Copy out the whole listing exactly as given. Skip the pictures.

### Data below:
=======
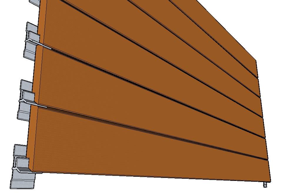 - Доски имеют не прямоугольный, а клиновидный профиль. За счет этого значительно улучшается дизайнерский вид поверхностей. Уменьшается угол наклона нижних граней, поверхность становится менее ребристой. Еще один плюс – величина нахлеста не оказывает влияния на угол наклона ламелей.
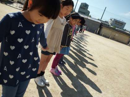 「かげおくり、やってみよう!」とみんなで手を繋いでかげおくりをしました。
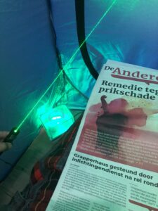Er is een simpele oplossing om die vraag te beantwoorden! Deze lamp laat normaliter alleen een stip zien op de wand waarop geschenen wordt. Maar als er zout in de lucht aanwezig is, dan zie je de hele straal, omdat alle zoutdeeltjes het licht van de laser weerkaatsen.
=======
### Output for this exercise:
 - Доски имеют не прямоугольный, а клиновидный профиль. За счет этого значительно улучшается дизайнерский вид поверхностей. Уменьшается угол наклона нижних граней, поверхность становится менее ребристой. Еще один плюс – величина нахлеста не оказывает влияния на угол наклона ламелей.
 「かげおくり、やってみよう!」とみんなで手を繋いでかげおくりをしました。
Er is een simpele oplossing om die vraag te beantwoorden! Deze lamp laat normaliter alleen een stip zien op de wand waarop geschenen wordt. Maar als er zout in de lucht aanwezig is, dan zie je de hele straal, omdat alle zoutdeeltjes het licht van de laser weerkaatsen.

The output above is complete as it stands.